Aqui menos é mais. A razão da simplicidade se mostra  grandiosa em cada detalhe.
Hoje pela primeira vez tive prazer em trocar um pneu furado. E me senti grande por isto.
Não medi o esforço, não me preocupei com o tempo, apenas em executar a tarefa. E ela foi
breve e significativa.

Quarto dia no Caminho - Carlos




Os gregos tinham uma palavra especial para designar a forma mais superior de amor,""Ágape"".Seu significado transcende ao nosso conceito comum de amor. Ágape é o amor incondicional, de estar a serviço, de servir.
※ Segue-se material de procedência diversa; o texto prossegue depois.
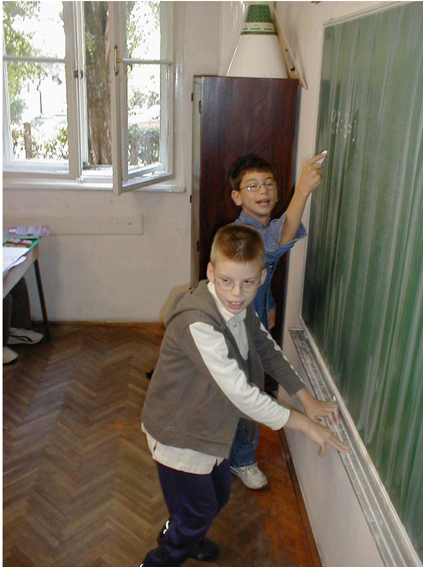
Individualizirani pristup – rješenje i za školu i za učenika

Recimo još ono najvažnije o INDIVIDUALIZIRANOM PRISTUPU I POSTUPCIMA u radu s učenicima s posebnim edukacijskim potrebama. Za razliku od prilagođenog programa, koji preporučuje i dopušta da se redovni program "smanji" i tako učeniku učini laganijim i razumljivim, u prijedlogu individualiziranih postupaka misli se, prije svega, na primjenu onih metoda, sredstava i didaktičkih materijala koji podupiru posebne edukacijske potrebe djeteta (npr., potrebe uvjetovane teškoćama čitanja i pisanja, oštećenjem vida, oštećenjem sluha, cerebralnom paralizom). Evo primjera za dobru praksu!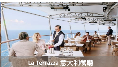
La Terrazza 意大利餐廳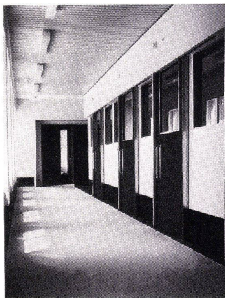
Korridor im Wohn- und Arbeitsheim für Gelähmte in Reinach BL. Wände bekleidet mit Texto-Glass 6297.

Der größte französische Hersteller von Glasgeweben, Stevens-Genin, Villeurbanne, hat die attraktive Innenwandverkleidung Texto-Glass Typ 6297 aus Glasfaser-gewebe auf den Markt gebracht. Texto-Glass besitzt eine Reihe hervorragender Eigenschaften. Es ist waschbar, stoß- und kratzfest sowie unbrennbar. Dank ihrer natürlichen Gewebestruktur sieht diese Wandbekleidung außerdem gediegen und elegant aus. Sie besteht zu 100% aus Glasfasern und kann auf Beton, mörtelverputzte Oberflächen, Holzfasertafeln, Gipsplatten usw. aufgeleimt werden. Mit einem feuerfesten Anstrich auf Latex- oder Ölbasis kann dieser «Glasfaser-tapete» jede gewünschte Farbe gegeben werden. Texto-Glass ist dimensionsstabil, was seine Anwendung beträchtlich erleichtert. Zwischenwänden leichter Konstruktion (zum Beispiel aus Gipsplatten) gibt die Bekleidung mit Texto-Glass eine wesentlich erhöhte Oberflächenfestigkeit. Aus diesem Grunde kann das Produkt vor allem auch bei der Renovation von alten, rissigen Innenwänden kostengünstig eingesetzt werden. Neben ihrer hohen Stoß- und Kratzfestigkeit ist wohl der Hauptvorteil der mit einem feuerfesten Anstrich aufgetragenen Texto-Glass-Wandbekleidung ihre hervorragende Feuerresistenz, die die strengsten Vorschriften hinsichtlich Nichtentflammbarkeit erfüllt.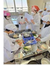
調理実習「苦手克服メニューを考えて作ろう!」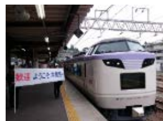
【昨年運行したいりどり木曽路号の様子】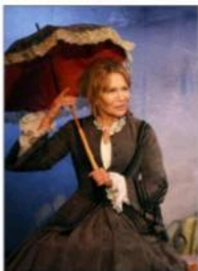
Le classique passera par la voix de Clémentine Célarié et les textes de Maupassant.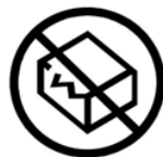
*9 Do not use if package is damaged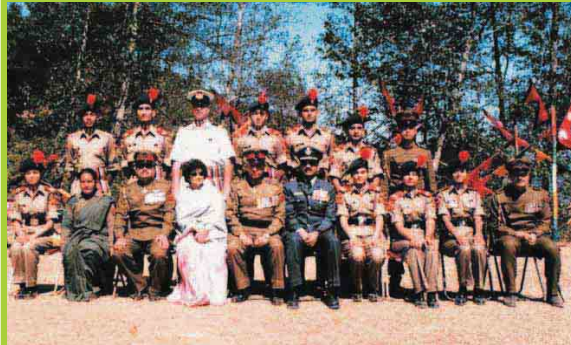
राष्ट्रिय सेवा दलको वार्षिक सैनिक शिबिरमा भारतीय NCC वयाडे ट टोलीका साथ रा.से.द.का अधिकृत तथा आमन्त्रित पाहुनाहरू ।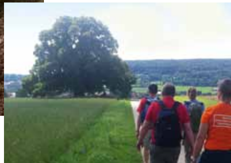
Paddeln im Kanu auf der Altmühl Hohlweg bei Hechlingen Wanderung zur Hundertjährigen Linde

Das Altmühltal selbst ist eine der schönsten Regionen Deutschlands und wohl auch deshalb unser zweitgrößter Naturpark.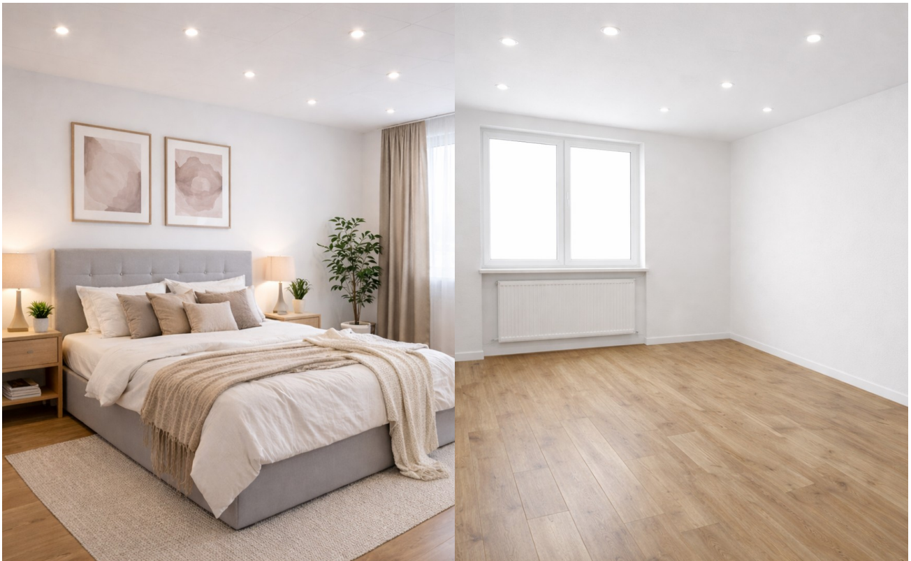
Schlafbeispiel - KI generiert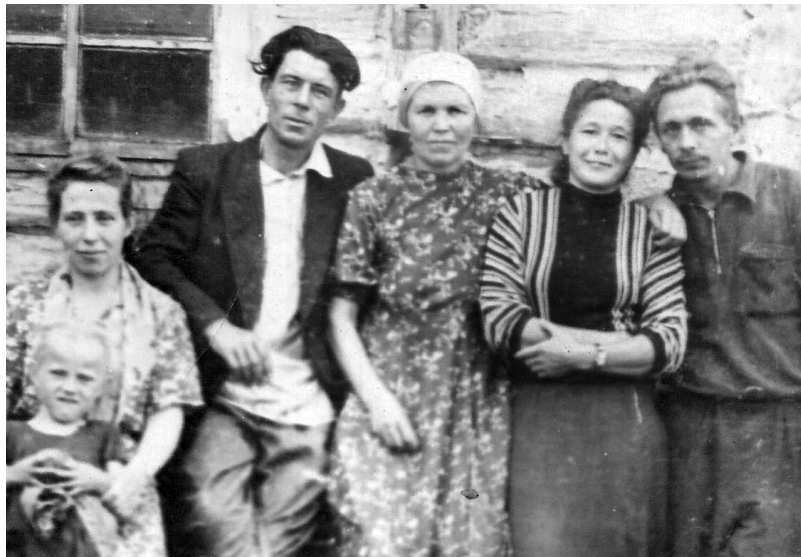
Жители села Ашинга. 1956 год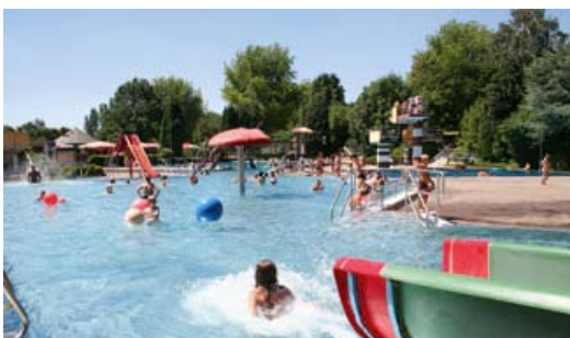
Im Freibad Stommeln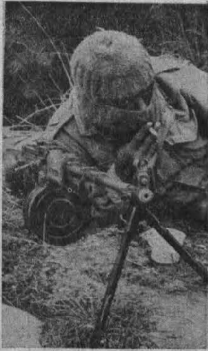
Arabų El-Al Fatah kovotojas išsis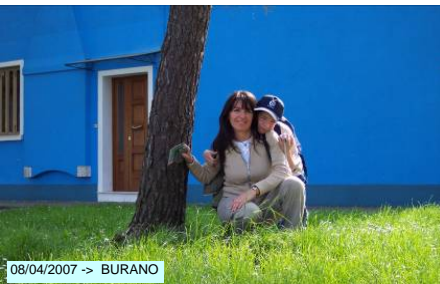
08/04/2007 -> BURANO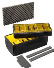
Set Padded Divider 1626AirDS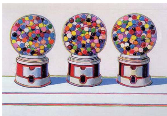
（圖三）三個泡泡糖機，1963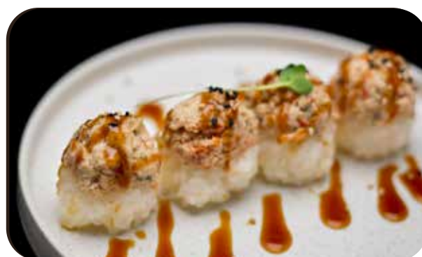
165 Tuna balls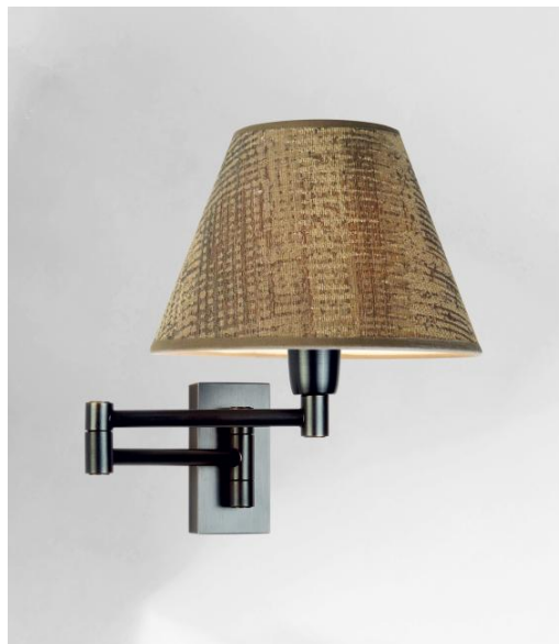
MAMMISI -SW in gebürstet Bronze mit Lampenschirm in Wilg Wengé (Stoffe aus Kategorie 3)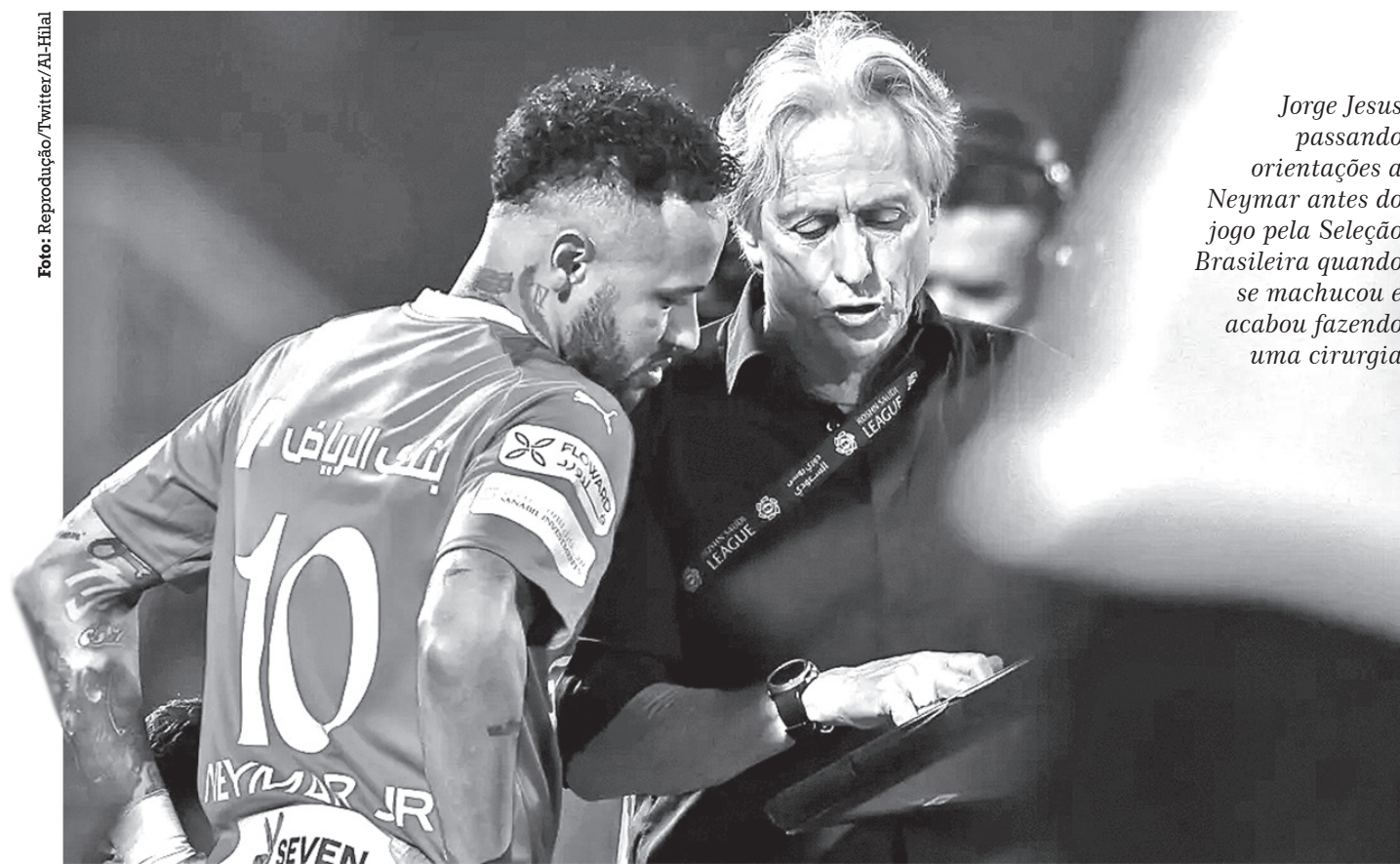
Jorge Jesus passando orientações a Neymar antes do jogo pela Seleção Brasileira quando se machucou e acabou fazendo uma cirurgia

O Brasil conquistou no último domingo (14) a primeira edição do Maranhão Cup International. A Amarelinha venceu os Emirados Árabes, por 3 a 1, e se sagrou campeão invicto da competição de Beach Soccer. O torneio reuniu as seleções principais dos Emirados Árabes, Marrocos e Estados Unidos em São Luís (MA). Antes, o Marrocos derrotou os Estados Unidos, por 4 a 1, e ficou com o vice-campeonato do torneio. Diante dos torcedores que lotaram a Arena Domingos Leal, na Lagoa da Jansen, o Brasil venceu com dois gols de Rodrigo, um deles de bicicleta, e Edson Hulk. Abdulla Abbas fez o único gol dos Emirados. Capitão e camisa 10 da Seleção, o ala Datinha comemorou a conquista do Maranhão Cup. “Estou muito feliz por estar representando a Seleção Brasileira em uma competição importante na capital do meu estado, é uma sensação única”, celebrou.

Jesus Cristo, Madre Teresa, Ghandi, Madre Paulina, podem exemplificar esse amor superior que escreveu para sempre seus nomes na história da humanidade.
No Camiho de Santiago essa mesma forma de amor destaca uma pessoa muito especial. Figura conhecida de quase todos que percorrem o Caminho Frances, na chegada de Logronho, os peregrinos encontram a sorridente Felisa que oferece o seu sorriso amigo,água e figos. Todos os dias ela faz de sua vida essa oferta aos peregrinos. Está escrevendo seu nome na história.
Esse mesmo caminho também te oferece exemplos do oposto do Ágape. No mesmo dia em que tivemos o privilégio de sentir esse amor incondicional, fomos recebidos por uma inamistosa hospitaleira que não tem nehum amor para oferecer. Cumpre suas tarefas de forma rude e imperativa, fez do albegue sua casa ao invés de fazer dele a casa do peregrino. Tanto desamor transforma um lugar bonito em um lugar que nao mais voltaremos.
Felizmente o caminho nos leva para frente todos os dias, assim a tal hospitaleira já é uma figura esquecida. Nem mais recordo seu nome.
O Caminho também tem suas compensações. Nesse momento estou no albergue do Acácioe e Orietta e Viloria de Rioja desfrutando da hospitalidade de um casal que  verdadeiramente entende o significado da palavra Ágape colocando-a em prática com todos os peregrinos que por aqui passam.